方法:腹腔注射链脲佐菌素(STZ)12周建立大鼠DC模型。我们测量了大鼠的体重,血糖浓度,大鼠晶状体中山梨醇脱氢酶(SDH)活性和糖基化终产物(AGE)含量。通过RT-qPCR和蛋白质印迹测定检测晶状体中的MFN2mRNA和蛋白质表达水平。体外,人晶状体上皮(HLE)B3细胞用25mM葡萄糖(高葡萄糖,HG)诱导细胞损伤。为了确定MFN2在HG诱导的细胞损伤中的作用,用装载有MFN2过表达质粒或短发夹RNA(shRNA)的慢病毒转染HLE-B3细胞以过表达或敲低MFN2表达,其次是HG暴露。通过CCK-8测定评估细胞活力。流式细胞术检测细胞凋亡和活性氧(ROS)水平。JC-1染色显示线粒体膜电位的变化(ΔΦm)。与细胞凋亡相关的介质,线粒体损伤,并测定了自噬。

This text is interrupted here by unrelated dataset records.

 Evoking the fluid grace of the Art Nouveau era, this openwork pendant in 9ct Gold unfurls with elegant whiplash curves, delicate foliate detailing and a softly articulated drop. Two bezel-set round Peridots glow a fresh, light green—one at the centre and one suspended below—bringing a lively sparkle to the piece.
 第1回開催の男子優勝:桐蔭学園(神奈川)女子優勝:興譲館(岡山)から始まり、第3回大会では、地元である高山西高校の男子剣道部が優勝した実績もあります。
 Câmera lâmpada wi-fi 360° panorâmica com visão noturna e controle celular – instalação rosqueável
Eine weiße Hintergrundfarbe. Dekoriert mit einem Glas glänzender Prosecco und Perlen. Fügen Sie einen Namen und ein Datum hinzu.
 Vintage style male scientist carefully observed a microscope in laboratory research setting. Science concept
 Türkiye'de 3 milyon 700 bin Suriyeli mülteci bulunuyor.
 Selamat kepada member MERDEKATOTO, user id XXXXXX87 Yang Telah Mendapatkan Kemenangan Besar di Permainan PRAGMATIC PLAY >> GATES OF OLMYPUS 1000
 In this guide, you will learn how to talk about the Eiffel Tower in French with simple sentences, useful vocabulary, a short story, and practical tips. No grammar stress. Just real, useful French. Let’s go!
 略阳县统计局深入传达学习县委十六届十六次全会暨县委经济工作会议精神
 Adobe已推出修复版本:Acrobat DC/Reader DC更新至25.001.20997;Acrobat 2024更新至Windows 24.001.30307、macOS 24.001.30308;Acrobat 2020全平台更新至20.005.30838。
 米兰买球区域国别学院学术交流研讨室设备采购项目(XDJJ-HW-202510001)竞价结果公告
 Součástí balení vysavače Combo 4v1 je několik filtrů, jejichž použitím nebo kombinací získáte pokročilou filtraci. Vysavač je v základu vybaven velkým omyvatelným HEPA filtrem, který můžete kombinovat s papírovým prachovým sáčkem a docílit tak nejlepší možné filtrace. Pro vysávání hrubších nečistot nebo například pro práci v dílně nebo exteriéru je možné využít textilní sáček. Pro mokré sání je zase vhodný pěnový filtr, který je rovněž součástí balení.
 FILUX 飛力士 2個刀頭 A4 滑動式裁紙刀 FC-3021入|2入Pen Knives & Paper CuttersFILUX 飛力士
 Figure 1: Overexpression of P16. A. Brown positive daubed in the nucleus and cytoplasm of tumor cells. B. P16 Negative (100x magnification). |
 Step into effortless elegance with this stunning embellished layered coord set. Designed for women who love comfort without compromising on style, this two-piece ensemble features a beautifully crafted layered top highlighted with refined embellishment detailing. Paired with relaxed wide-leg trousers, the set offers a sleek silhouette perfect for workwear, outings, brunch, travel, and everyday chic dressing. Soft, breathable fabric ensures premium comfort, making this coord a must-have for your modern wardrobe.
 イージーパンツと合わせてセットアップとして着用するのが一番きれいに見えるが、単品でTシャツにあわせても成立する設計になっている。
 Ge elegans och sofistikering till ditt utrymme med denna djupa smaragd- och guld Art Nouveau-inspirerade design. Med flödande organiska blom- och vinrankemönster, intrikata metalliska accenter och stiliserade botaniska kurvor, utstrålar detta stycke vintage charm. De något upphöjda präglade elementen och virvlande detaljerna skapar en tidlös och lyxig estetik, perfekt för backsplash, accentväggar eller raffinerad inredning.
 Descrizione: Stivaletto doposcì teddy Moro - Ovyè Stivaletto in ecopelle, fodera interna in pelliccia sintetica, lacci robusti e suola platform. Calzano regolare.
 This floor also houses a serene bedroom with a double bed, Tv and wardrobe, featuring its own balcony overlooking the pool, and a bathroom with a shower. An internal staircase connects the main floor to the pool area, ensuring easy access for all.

结果:给予STZ的大鼠显示体重下降,血糖水平升高,SDH活性和AGE含量升高,提示DC大鼠模型的成功建立。有趣的是,MFN2表达在DC大鼠晶状体和HG诱导的HLE-B3细胞中显著下调。进一步分析表明,在HG条件下,MFN2过表达增强细胞活力并抑制细胞凋亡,同时Bax降低,HLE-B3细胞中caspase-9裂解并增加Bcl-2表达。MFN2过表达还抑制了由HG引起的线粒体损伤,表现为ROS产生减少。恢复的Δφm和增加的线粒体细胞色素c(Cytoc)水平。此外,MFN2过表达增加LC3BⅡ/LC3BⅠ比值和Beclin-1表达,但降低了p62水平,并阻断HG处理的HLE-B3细胞中mTOR的磷酸化。相比之下,MFN2沉默产生相反的效果。
结论:我们的研究结果表明,MFN2的表达可能是预防糖尿病性白内障发展过程中晶状体上皮细胞凋亡所必需的。
方法:腹腔注射链脲佐菌素(STZ)12周建立大鼠DC模型。我们测量了大鼠的体重,血糖浓度,大鼠晶状体中山梨醇脱氢酶(SDH)活性和糖基化终产物(AGE)含量。通过RT-qPCR和蛋白质印迹测定检测晶状体中的MFN2mRNA和蛋白质表达水平。体外,人晶状体上皮(HLE)B3细胞用25mM葡萄糖(高葡萄糖,HG)诱导细胞损伤。为了确定MFN2在HG诱导的细胞损伤中的作用,用装载有MFN2过表达质粒或短发夹RNA(shRNA)的慢病毒转染HLE-B3细胞以过表达或敲低MFN2表达,其次是HG暴露。通过CCK-8测定评估细胞活力。流式细胞术检测细胞凋亡和活性氧(ROS)水平。JC-1染色显示线粒体膜电位的变化(ΔΦm)。与细胞凋亡相关的介质,线粒体损伤,并测定了自噬。
结果:给予STZ的大鼠显示体重下降,血糖水平升高,SDH活性和AGE含量升高,提示DC大鼠模型的成功建立。有趣的是,MFN2表达在DC大鼠晶状体和HG诱导的HLE-B3细胞中显著下调。进一步分析表明,在HG条件下,MFN2过表达增强细胞活力并抑制细胞凋亡,同时Bax降低,HLE-B3细胞中caspase-9裂解并增加Bcl-2表达。MFN2过表达还抑制了由HG引起的线粒体损伤,表现为ROS产生减少。恢复的Δφm和增加的线粒体细胞色素c(Cytoc)水平。此外,MFN2过表达增加LC3BⅡ/LC3BⅠ比值和Beclin-1表达,但降低了p62水平,并阻断HG处理的HLE-B3细胞中mTOR的磷酸化。相比之下,MFN2沉默产生相反的效果。
结论:我们的研究结果表明,MFN2的表达可能是预防糖尿病性白内障发展过程中晶状体上皮细胞凋亡所必需的。